→ EXERCISE GOAL:
In the records below, print each line exactly and leave every image out.

[Records from a dataset]
┌──
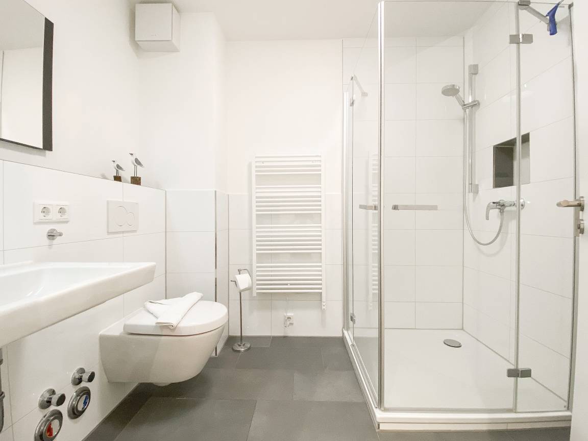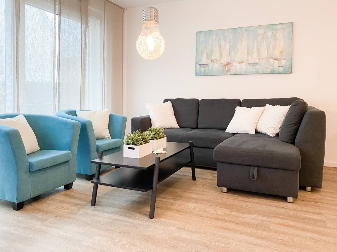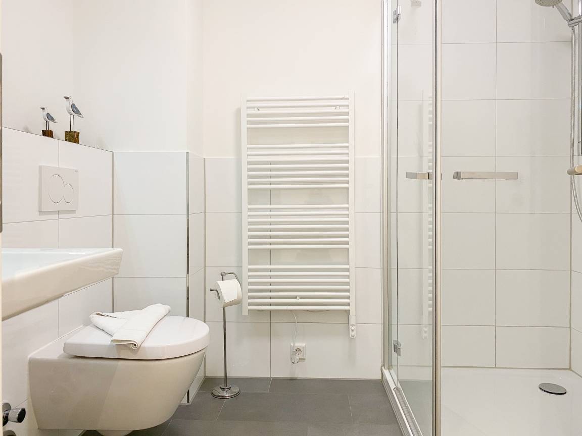 Die Ferienwohnung "Lütte Krabbe" bietet ausreichend Platz für 2-3 Personen. Große, bodentiefe Fensterelemente sorgen für einen hellen, freundlichen Wohnbereich, der mit einem Sofa mit Schlaffunktion, zwei Sesseln und TV ausgestattet ist. Auf der Sonnenterrasse in Südausrichtung, die sich über die gesamte Breite der Wohnung erstreckt, lässt es sich mit reichlich Sonnenschein vom Frühstück bis zum Abend herrlich entspannen. Die offene Küche mit integriertem Essbereich verfügt über alle technischen Geräte wie Backofen, Ceranfeld und Geschirrspüler sowie alle notwendigen Küchenutensilien. Das separate Schlafzimmer ist mit einem Doppelbett (180x200) und ausgestattet verfügt ebenfalls über einen Terrassenzugang.[nbsp] Alle Räume sind mit elektrischen Außenjalousien versehen und lassen sich vollständig verdunkeln. Das moderne Duschbad verfügt über Fußbodenheizung und einen Handtuchwärmer. WLAN steht selbstverständlich zur kostenlosen Nutzung zur Verfügung.
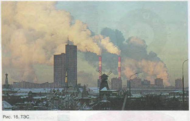 «Чистые» и «грязные» отрасли РоссииРазличные виды производства оказывают неодинаковое воздействие на природу. Есть отрасли, которые непосредственно не используют природные ресурсы, да и загрязняющих отходов производят достаточно мало. На машиностроительном заводе, например, из тысяч деталей производятся машины. Для работы завода требуются только детали, которые поступили с других предприятий, электроэнергия, которая поступает на завод по линиям электропередачи, и труд рабочих на сборочном конвейере. В сущности, такой завод не очень сильно контактирует с природой, и всё его воздействие на неё связано только с тем, что при его строительстве была занята какая-то природная территория. Такие производства можно называть относительно «чистыми». Кроме машиностроения к «чистым» можно отнести некоторые другие отрасли, например пищевую, а из видов транспорта — электрифицированный железнодорожный. Но очень многие отрасли хозяйства относятся к числу «грязных». Это прежде всего отрасли, предприятия которых работают за счёт сжигания топлива (рис. 16). Сюда же относятся и предприятия, которые используют большое количество воды. Вода, растворяя в себе огромное количество химических веществ, сама превращается в мощный источник загрязнения природы. К числу наиболее «грязных» отраслей относятся металлургия, тепловая электроэнергетика, химическая промышленность, автомобильный транспорт.
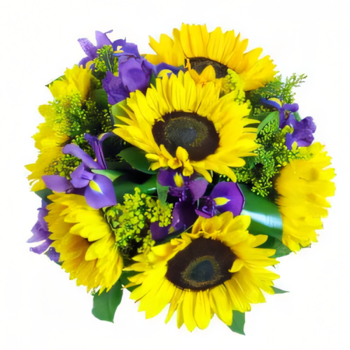 Skład: słoneczniki, irysy, rafia, zieleń dekoracyjna.
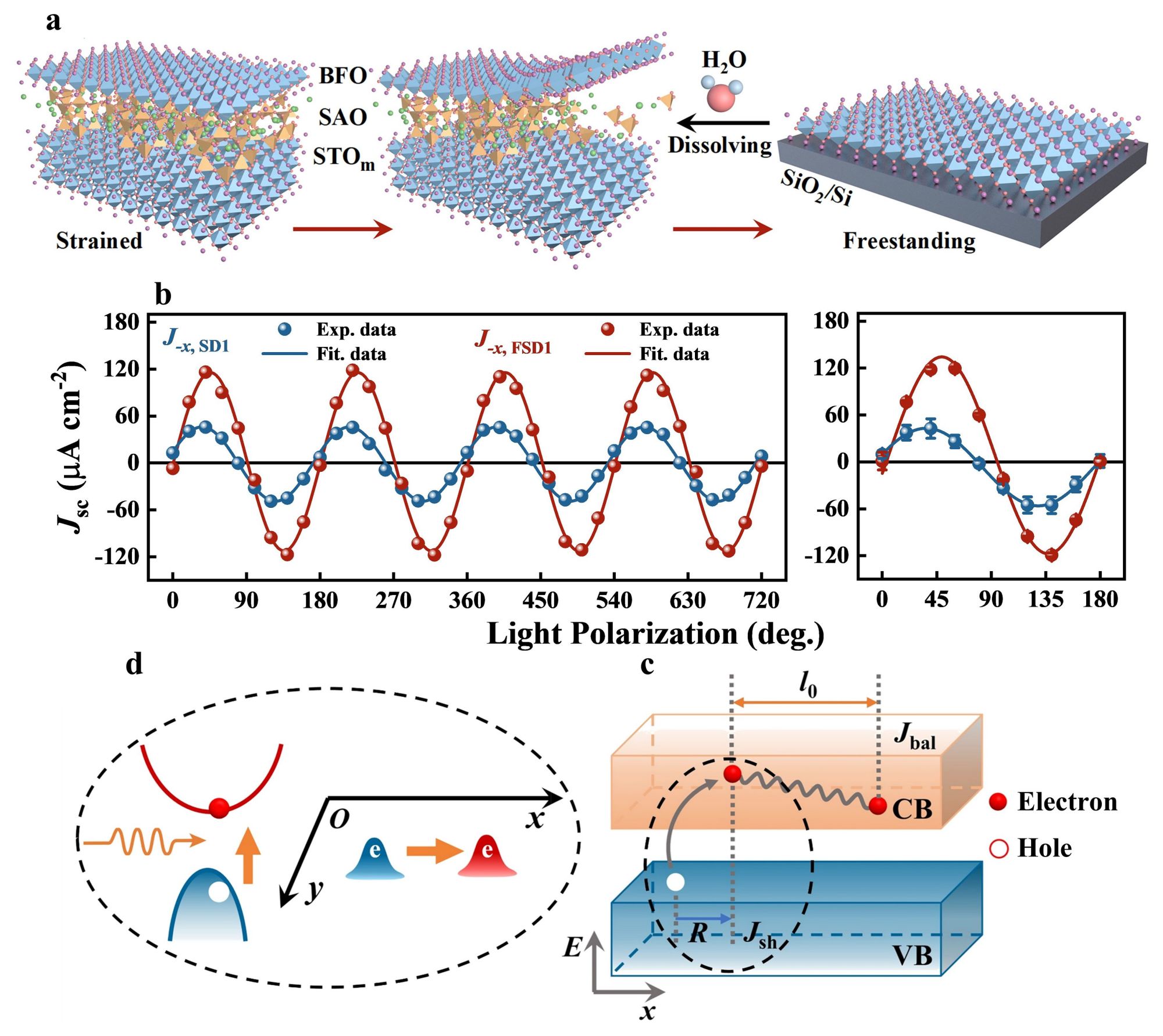 图1. 自支撑铁电氧化物薄膜BFO的制备、体光伏效应和微观机理
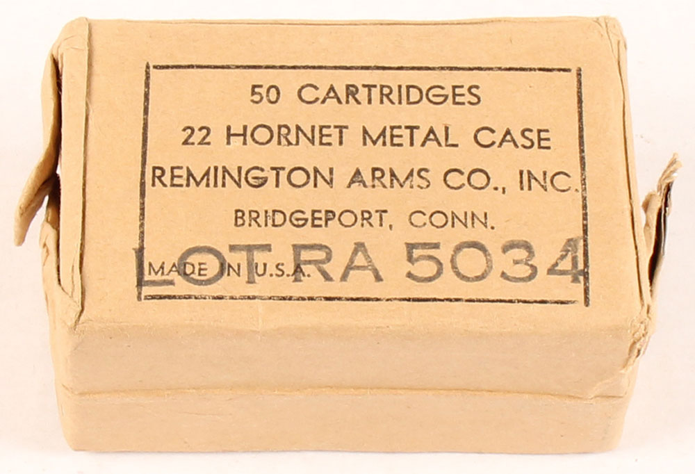 Remington, .22 Hornet, Lot RA 5034, foil wrapped box, FULL & SEALED, 50 Rd. box, 1pc, Foil wrap has one small tear in the bottom right corner of front label, & only light rub wear. Grade: Excellent + - Value: 30 to 60
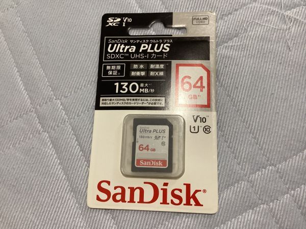 > 未使用未開封 SanDisk ウルトラプラス SDカード SDXC 64GB///大容量高画質動画画像ファイル記録家族子供成長学校旅行記念
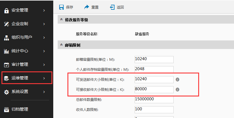 Coremail系统中使用服务等级来对用户进行限制,如邮箱容量、收发的邮件大小等。如果管理员想设置,可在系统管理界面-运维管理-用户服务等级-需修改的服务等级中设置。其中如果要限制用户邮箱接收附件的大小,可在这一项修改:可接收邮件大小限制(单位:K):
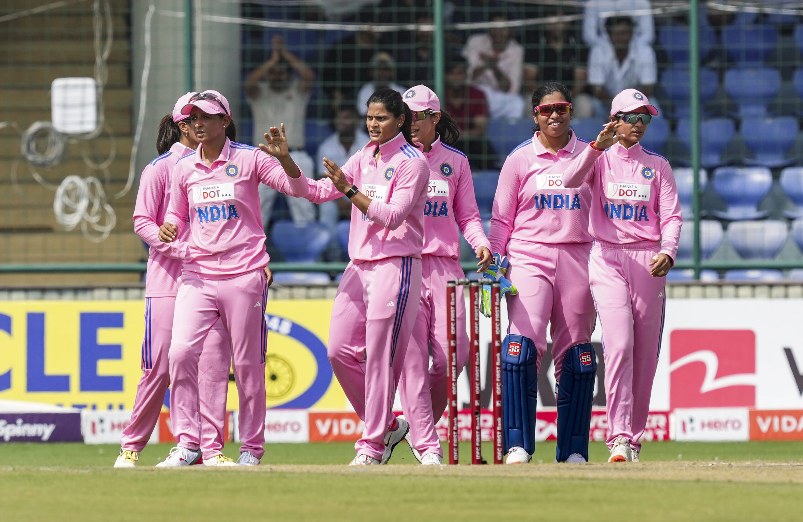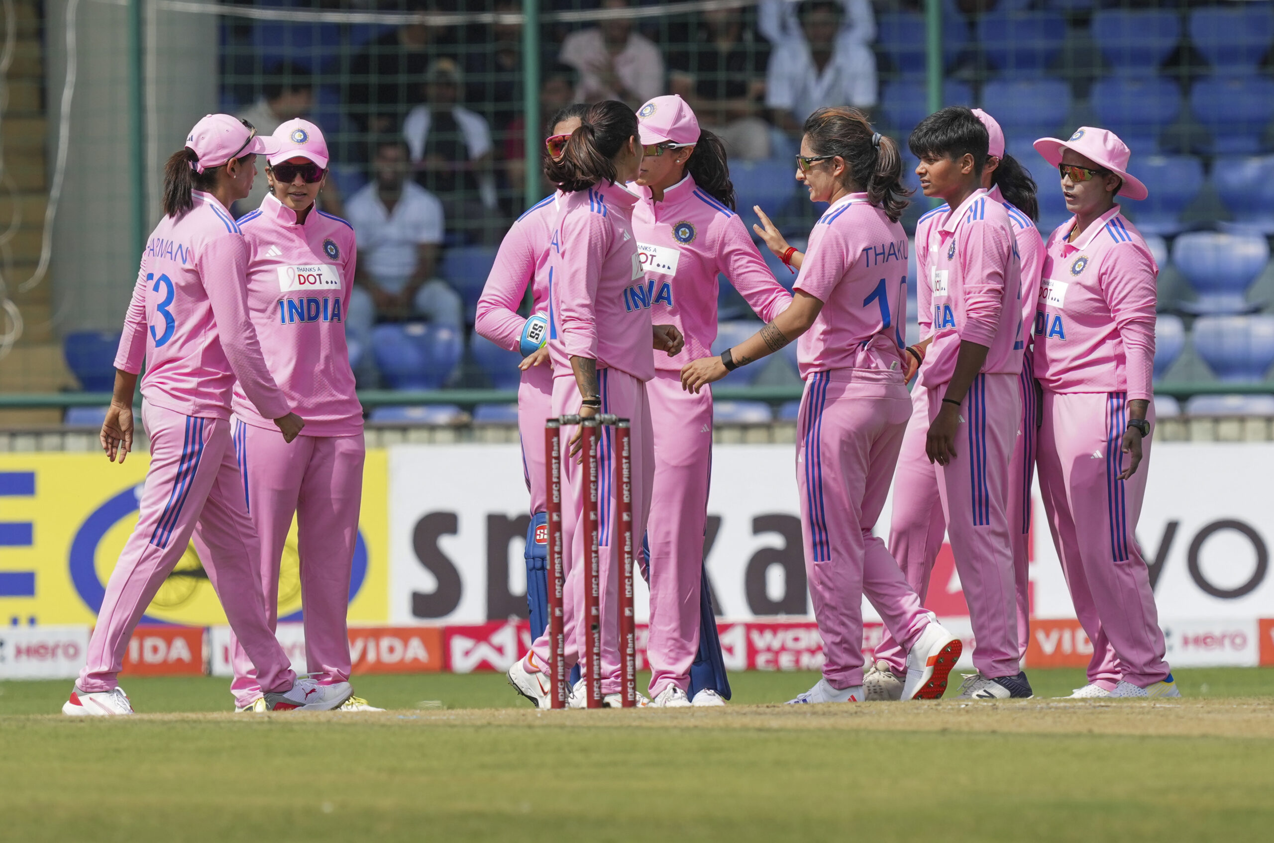 ब्रेस्ट कैंसर अवेयरनेस के लिए इंडिया विमेंस टीम पिंक जर्सी पहनकर खेलने उतरी।
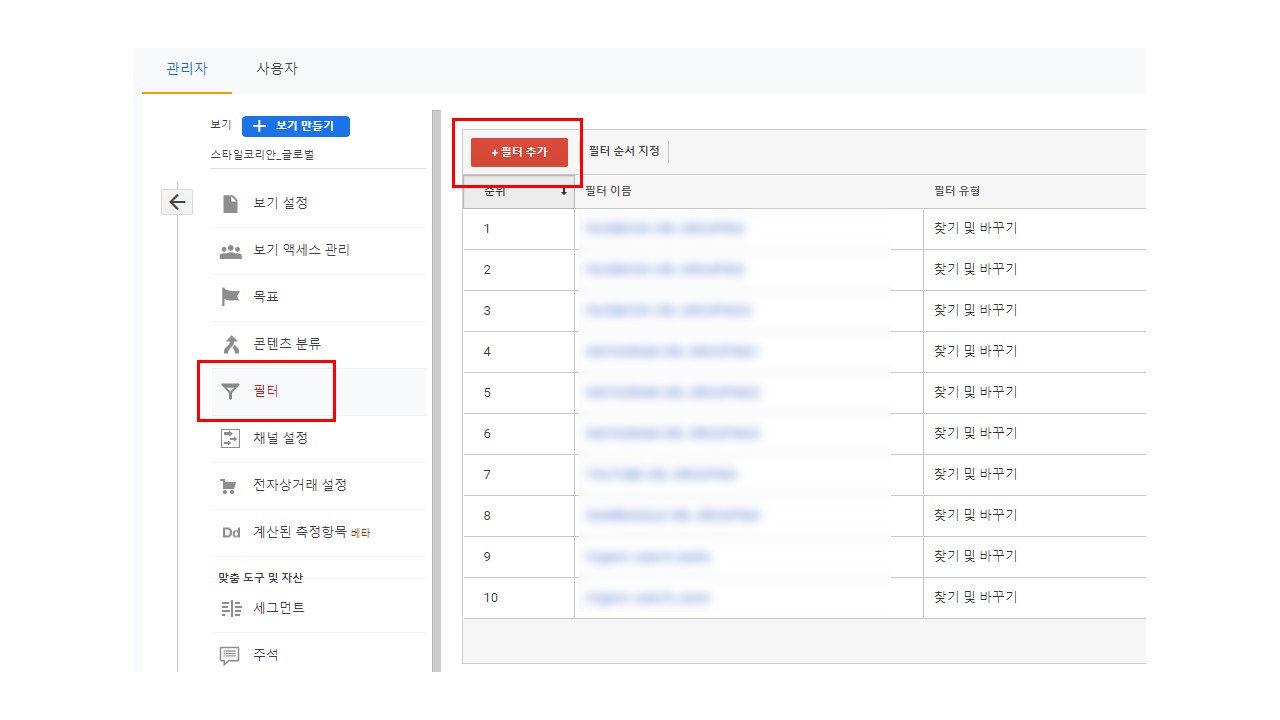 1. ⚙관리 > 보기 > 필터 > 필터추가 버튼
└──
→ TASK RESPONSE:
 Die Ferienwohnung "Lütte Krabbe" bietet ausreichend Platz für 2-3 Personen. Große, bodentiefe Fensterelemente sorgen für einen hellen, freundlichen Wohnbereich, der mit einem Sofa mit Schlaffunktion, zwei Sesseln und TV ausgestattet ist. Auf der Sonnenterrasse in Südausrichtung, die sich über die gesamte Breite der Wohnung erstreckt, lässt es sich mit reichlich Sonnenschein vom Frühstück bis zum Abend herrlich entspannen. Die offene Küche mit integriertem Essbereich verfügt über alle technischen Geräte wie Backofen, Ceranfeld und Geschirrspüler sowie alle notwendigen Küchenutensilien. Das separate Schlafzimmer ist mit einem Doppelbett (180x200) und ausgestattet verfügt ebenfalls über einen Terrassenzugang.[nbsp] Alle Räume sind mit elektrischen Außenjalousien versehen und lassen sich vollständig verdunkeln. Das moderne Duschbad verfügt über Fußbodenheizung und einen Handtuchwärmer. WLAN steht selbstverständlich zur kostenlosen Nutzung zur Verfügung.
 «Чистые» и «грязные» отрасли РоссииРазличные виды производства оказывают неодинаковое воздействие на природу. Есть отрасли, которые непосредственно не используют природные ресурсы, да и загрязняющих отходов производят достаточно мало. На машиностроительном заводе, например, из тысяч деталей производятся машины. Для работы завода требуются только детали, которые поступили с других предприятий, электроэнергия, которая поступает на завод по линиям электропередачи, и труд рабочих на сборочном конвейере. В сущности, такой завод не очень сильно контактирует с природой, и всё его воздействие на неё связано только с тем, что при его строительстве была занята какая-то природная территория. Такие производства можно называть относительно «чистыми». Кроме машиностроения к «чистым» можно отнести некоторые другие отрасли, например пищевую, а из видов транспорта — электрифицированный железнодорожный. Но очень многие отрасли хозяйства относятся к числу «грязных». Это прежде всего отрасли, предприятия которых работают за счёт сжигания топлива (рис. 16). Сюда же относятся и предприятия, которые используют большое количество воды. Вода, растворяя в себе огромное количество химических веществ, сама превращается в мощный источник загрязнения природы. К числу наиболее «грязных» отраслей относятся металлургия, тепловая электроэнергетика, химическая промышленность, автомобильный транспорт.
 Skład: słoneczniki, irysy, rafia, zieleń dekoracyjna.
 图1. 自支撑铁电氧化物薄膜BFO的制备、体光伏效应和微观机理
 Remington, .22 Hornet, Lot RA 5034, foil wrapped box, FULL & SEALED, 50 Rd. box, 1pc, Foil wrap has one small tear in the bottom right corner of front label, & only light rub wear. Grade: Excellent + - Value: 30 to 60
 > 未使用未開封 SanDisk ウルトラプラス SDカード SDXC 64GB///大容量高画質動画画像ファイル記録家族子供成長学校旅行記念
 Coremail系统中使用服务等级来对用户进行限制,如邮箱容量、收发的邮件大小等。如果管理员想设置,可在系统管理界面-运维管理-用户服务等级-需修改的服务等级中设置。其中如果要限制用户邮箱接收附件的大小,可在这一项修改:可接收邮件大小限制(单位:K):
 ब्रेस्ट कैंसर अवेयरनेस के लिए इंडिया विमेंस टीम पिंक जर्सी पहनकर खेलने उतरी।
 1. ⚙관리 > 보기 > 필터 > 필터추가 버튼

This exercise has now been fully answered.